How Twilio Manages MySQL Clusters at Scale

October 24, 2018
Written by

MySQL Header

Developers at Twilio write, deploy, and operate their own microservices. This aligns engineers with the incentive to write maintainable code and address the shortcomings of their own services. As part of this alignment, each product software development team is responsible for operating and managing their own services, including their database clusters. Our goal as a Platform Organization is to help Twilio product engineering teams succeed by giving them self-service tools and automation to empower their development and operation of Twilio’s services.

If Twilio’s product engineering teams are vertical columns, Twilio’s platform engineering teams are horizontal blocks supporting these columns. Twilio’s Platform engineering teams use metrics such as deployment velocity, product feature velocity, NPS, and incident reduction to track our impact on the rest of the Twilio engineering organization. We have weekly syncs and quarterly surveys where we ask other teams for candid feedback. Through these, we look for opportunities to help empower other developers at Twilio to efficiently deliver code. As a result of this feedback loop, it became clear that MySQL deployments was the top headache for our rapidly growing and developing product teams.

Pain Points Before MySQL Deployments

We noticed that there was a need for a tool to help automate the process of provisioning and managing database clusters because the manual process was consuming too much of an engineer’s time.

One of the most common database operations is changing the database schema. At Twilio, a typical MySQL cluster is made up of one primary, two replicas, one backup and one analytics node. The primary and replicas are responsible for serving traffic. The backup, as the name implies, is used to take nightly backups and the analytics is used to send metrics to Datadog. It is standard procedure to apply the change to one node in the cluster, usually the backup node, and then take a backup. This assures that we have the most up to date data because backups are taken every night. This backup is encrypted and saved in S3 and is pulled down when new nodes are booted. Finally, the cluster must be pivoted to pick up the changes. A pivot is when a candidate primary or a current replica is made the primary and the remaining replicas are pointed to replicate from the new primary.

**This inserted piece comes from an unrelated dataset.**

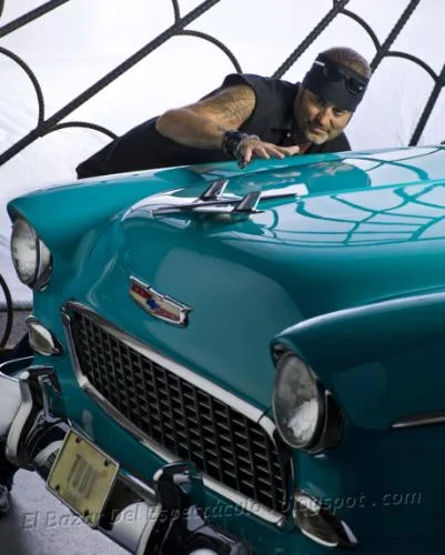 D: De mi mismo te puedo decir que desde niño estuve rodeado de autos y motos, muchos de mis parientes están en la industria automotriz y muchos de ellos están en el mundo de las motos. Esto es algo que llevo en la sangre. A lo largo de los años me la pasé coleccionando autos y motos interesantes, pero también pasé mucho tiempo coleccionando buena gente a medida que mi negocio fue creciendo. He encontrado muchos buenos amigos a lo largo del camino, muchos de ellos son mucho más artistas, tengo a los más increíbles pintores y chicos que pintan con aereosol y otros que hacen trabajo gráfico. Tengo a mecánicos increíbles. Aquí en mi negocio tu auto no tiene que ir a otro lado ya que tenemos distintos departamentos. Con mi gente venimos trabajando desde hace mucho tiempo y todos entienden mi estilo y qué es lo que estoy buscando, qué me gustaría ver en el vehículo. Además somos amigos, salimos bastante juntos fuera de lo que es el trabajo y nos divertimos mucho. Yo tengo una filosofía y es algo de Elvis. El usaba "TCB" ( Taking care of Business = cuidar el negocio). Siempre les digo a mis muchachos, mientras que seamos "TCB" tengamos la mayor diversión que podamos en el camino. Si cuidamos del negocio y va bien, no hay razón alguna por la que no podamos divertirnos. Es un grupo bastante loco, todos estamos un poco locos aquí. Creo que eso es lo que trae afuera la creatividad y hacer del vehículo el mejor que pueda llegar a ser.

A typical pivot involved the following steps:

  1. Manually boot a new cluster into the correct availability zones with the correct number of replicas
  2. Wait for the cluster to boot, restore from previous encrypted backup and replicate any new data from the primary (could take minutes to hours)
  3. SSH onto MHA (Master High Availability) monitor and run a “pivot status” script to verify the cluster can be pivoted
  4. Ensure the pivot status is successful and fix any errors, such as not enough slaves or replication lag
  5. SSH onto MHA monitor and run “pivot” command to perform pivot
  6. Repeat the above for each shard of the database cluster
  7. Repeat above for each environment - Development, Stage, Production

Pivoting is tedious, time consuming, and error prone. It can take a proficient engineer a half day with the potential to consume even more time if something unexpected occurs. This requires the engineer to context switch many times. Other steps are repetitive, such as trying to distribute the cluster across all availability zones for high availability. It is an ideal candidate for automation.

MySQL Deployments

First, we designed a pivot daemon, pivotd, capable of executing pivots. This runs alongside a custom Twilio MySQL manager service called mymanager that is built on top of mha4mysql-manager. Additionally, we added a REST API so we could integrate it with existing Platform tools.

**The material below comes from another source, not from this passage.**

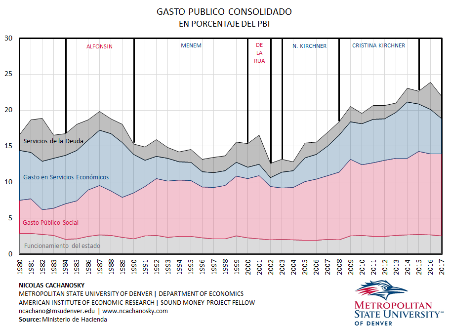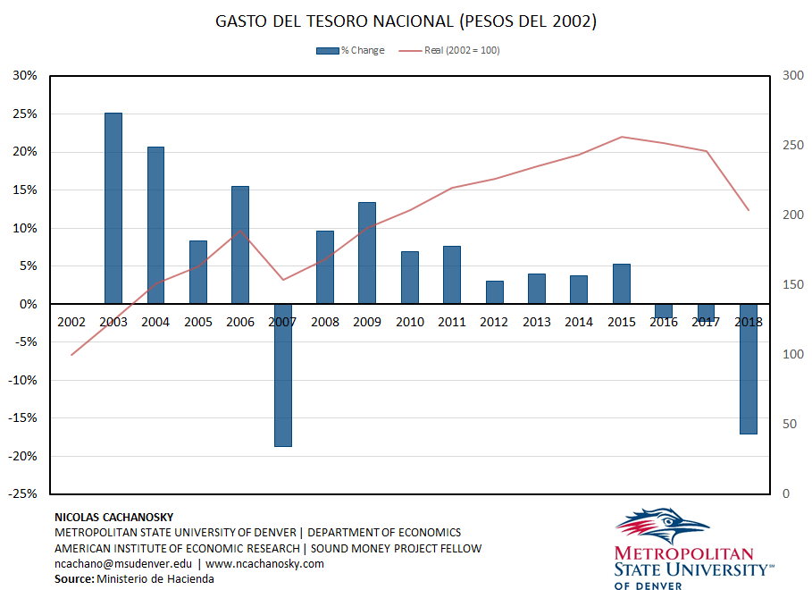 Salvo la crisis del 2007, el kirchnerismo ha aumentado de manera consistente el gasto en términos reales. El problema de la deuda es un problema de nivel de gasto. El problema de la deuda no se soluciona con un «reperfilamiento» o canje de bonos, se soluciona con una reforma del estado que disminuya el gasto a niveles sostenibles.

Next, we leveraged our existing architecture, such as our deployment convergence engine, which allows us to easily create new deployments to boot the new cluster in the appropriate availability zones. We added new steps for the remaining work and chained them in a dependency tree.

Deployment Convergence Engine Dependency Tree MySQL Deployments

The diagrams below show how the communication between the different services work to execute the Pivot Status, Wait for Pivot Status, Pivot, and Wait for Pivot.

Pivot Status

 

1. Pivot Status: The Deployment Convergence Engine initiates the pivot status by sending a POST request to pivotd. Pivotd executes a pivot status command and mymanager actually checks the status of the cluster.

2. Wait for Pivot Status: The Deployment Convergence Engine gets the results of the pivot status by sending GET requests to pivotd at regular intervals until the pivot status completes. Pivotd gets the results of the pivot status from mymanager.

MYSQL Pivot

3. Pivot: The Deployment Convergence Engine initiates the pivot by sending a POST request to pivotd. Pivotd tells mymanager to execute the pivot and mymanager pivots the cluster.

4. Wait for Pivot: The Deployment Convergence Engine gets the results of the pivot by sending GET requests to pivotd at regular intervals until the pivot completes. Pivotd gets the results of the pivot from mymanager.

Users fill out a declarative form with information about their cluster, the information is validated to prevent user errors or unsafe behavior, and the automated system does the rest of the work. As a result, pivoting a database becomes as simple as deploying a stateless service.

MySQL Deployments Wins

MySQL deployments saves time so that more time can be put into designing and building products, not deploying them. Automation also prevents engineers from making errors such as not booting replica nodes into a high availability formation and suffering later when their database cluster goes down. We are challenged to think at scale with a growing company and growing number of MySQL clusters. With this mindset, we’ve seen our deployment velocity outpace the increasing number of engineers at Twilio. This next generation of deployment strategies will allow Twilio’s developers to deliver new software swiftly and reliably.